§ What is needed:
Your task is to give the listing below back word for word, pictures excluded.

§ Source material:
____

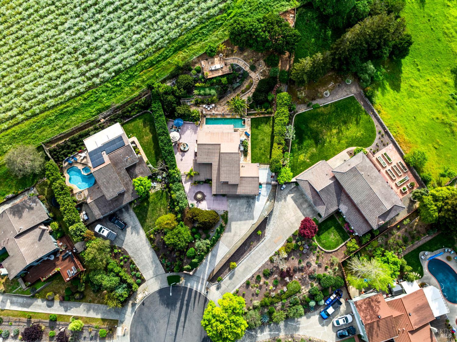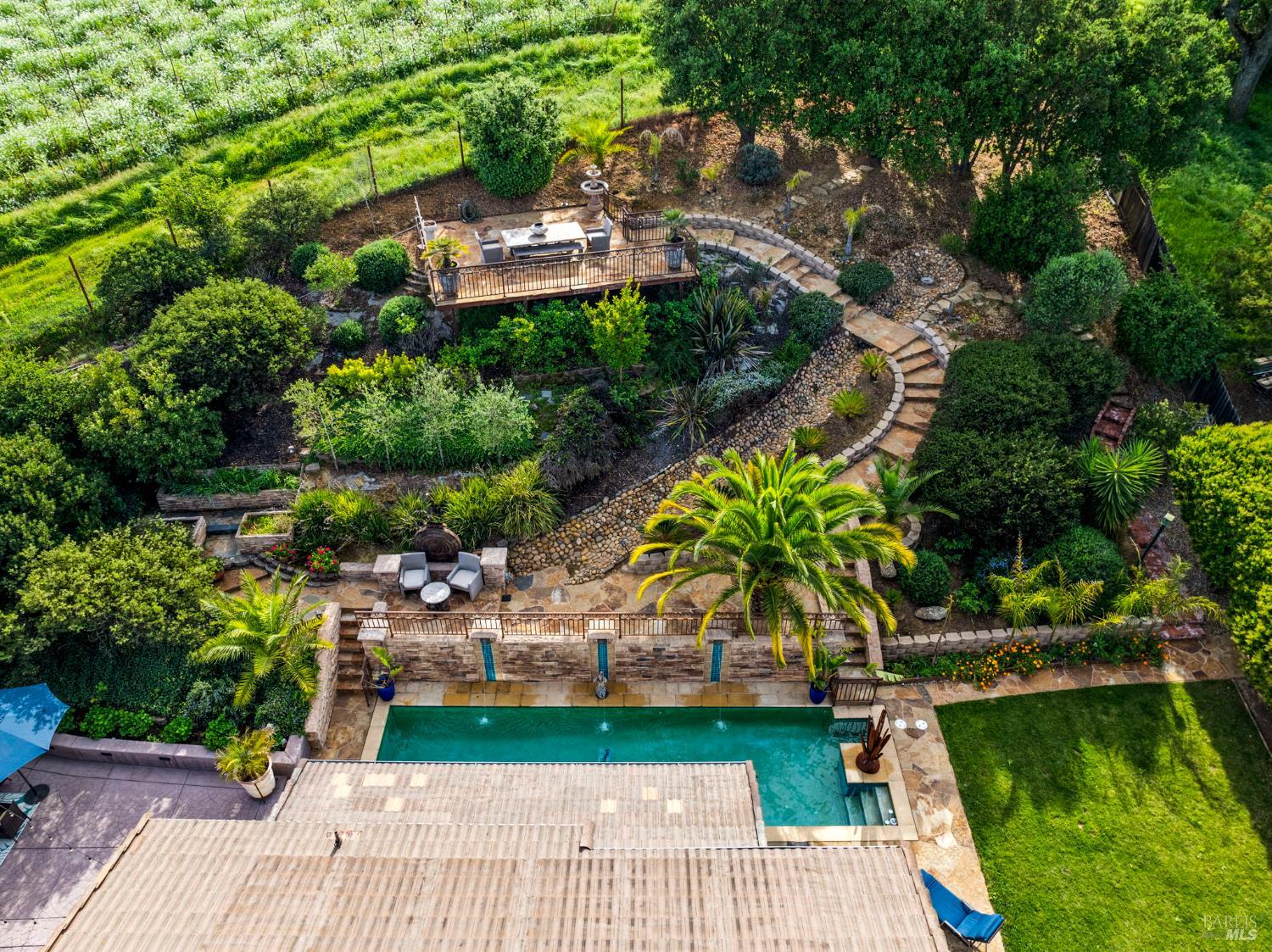Perched atop a private knoll in one of Browns Valley's most coveted enclaves, this view oriented residence offers a rare sense of privacy, scale, and classic Napa Valley living. Set at the end of a quiet cul de sac on approximately half an acre, the property captures sweeping hillside and valley vistas while feeling worlds away. The grounds unfold like a private retreat, framed by mature olive trees, layered landscaping, tranquil water features, and winding garden paths. Multiple outdoor living spaces invite both intimate moments and larger gatherings, with a pool, sunset view deck, and inviting areas for al fresco dining, gardening, and evenings under the Napa sky. Inside, a flexible four bedroom, three bathroom layout balances comfort and function, with formal living and dining rooms complemented by a welcoming family room centered around a fireplace. The home transitions effortlessly between indoor and outdoor spaces, designed for both everyday living and entertaining. The kitchen offers stainless steel appliances, generous storage, and a built in breakfast nook. Upstairs, spacious bedrooms take in surrounding hillside views, while the primary suite features a spa inspired bath with soaking tub, steam shower, and dual vanity. The original three car garage has been thoughtfully adapted to include a two car garage, private office with direct backyard access, and additional storage, creating versatility for today's lifestyle needs. A courtyard entry with fountain sets a gracious tone on arrival. Ideally located near Browns Valley School, Browns Valley Market, and local favorites. A rare offering defined by privacy, views, and the enduring appeal of Napa Valley living.Interested in this Listing?
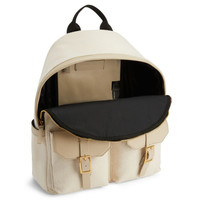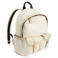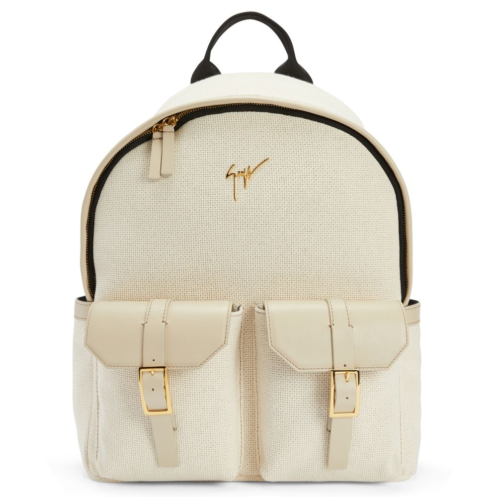 Product Details Backpack crafted from off-white cotton and leather with black fabric inner lining, featuring maxi front pockets, a two-way zipper fastening with matching pullers and the adjustable padded fabric shoulder straps with leather inserts. The iconic golden metal 'Signature' detail completes the accessory. Off-white woven cotton fabric Golden metal 'Signature' and hardware Two-way zipper closure with off-white leather pullers Adjustable and padded fabric shoulder straps with leather inserts Black fabric inner lining Measurements: 330 mm x 410 mm x 152 mm Made in Italy
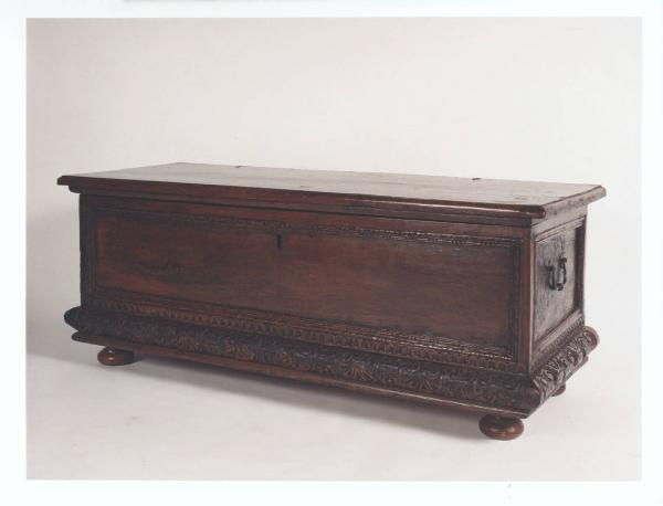 Cassone con cornici modanate e intagliate, piedi a cipolla, due prese a ferro di cavallo laterali
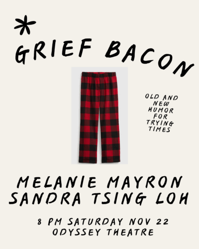 Melanie Mayron (Thirtysomething) and Sandra Tsing Loh (NPR) share old and new humor for the holidays. Grief Bacon comes from the German “kummerspeck,” aka: “weight gain from emotional overeating.” A quick evening of (much-needed) amusement and yes, if the world’s just all too much, you can wear your pajamas.

____

§ Output below:
Perched atop a private knoll in one of Browns Valley's most coveted enclaves, this view oriented residence offers a rare sense of privacy, scale, and classic Napa Valley living. Set at the end of a quiet cul de sac on approximately half an acre, the property captures sweeping hillside and valley vistas while feeling worlds away. The grounds unfold like a private retreat, framed by mature olive trees, layered landscaping, tranquil water features, and winding garden paths. Multiple outdoor living spaces invite both intimate moments and larger gatherings, with a pool, sunset view deck, and inviting areas for al fresco dining, gardening, and evenings under the Napa sky. Inside, a flexible four bedroom, three bathroom layout balances comfort and function, with formal living and dining rooms complemented by a welcoming family room centered around a fireplace. The home transitions effortlessly between indoor and outdoor spaces, designed for both everyday living and entertaining. The kitchen offers stainless steel appliances, generous storage, and a built in breakfast nook. Upstairs, spacious bedrooms take in surrounding hillside views, while the primary suite features a spa inspired bath with soaking tub, steam shower, and dual vanity. The original three car garage has been thoughtfully adapted to include a two car garage, private office with direct backyard access, and additional storage, creating versatility for today's lifestyle needs. A courtyard entry with fountain sets a gracious tone on arrival. Ideally located near Browns Valley School, Browns Valley Market, and local favorites. A rare offering defined by privacy, views, and the enduring appeal of Napa Valley living.Interested in this Listing?
 Product Details Backpack crafted from off-white cotton and leather with black fabric inner lining, featuring maxi front pockets, a two-way zipper fastening with matching pullers and the adjustable padded fabric shoulder straps with leather inserts. The iconic golden metal 'Signature' detail completes the accessory. Off-white woven cotton fabric Golden metal 'Signature' and hardware Two-way zipper closure with off-white leather pullers Adjustable and padded fabric shoulder straps with leather inserts Black fabric inner lining Measurements: 330 mm x 410 mm x 152 mm Made in Italy
 Cassone con cornici modanate e intagliate, piedi a cipolla, due prese a ferro di cavallo laterali
 Melanie Mayron (Thirtysomething) and Sandra Tsing Loh (NPR) share old and new humor for the holidays. Grief Bacon comes from the German “kummerspeck,” aka: “weight gain from emotional overeating.” A quick evening of (much-needed) amusement and yes, if the world’s just all too much, you can wear your pajamas.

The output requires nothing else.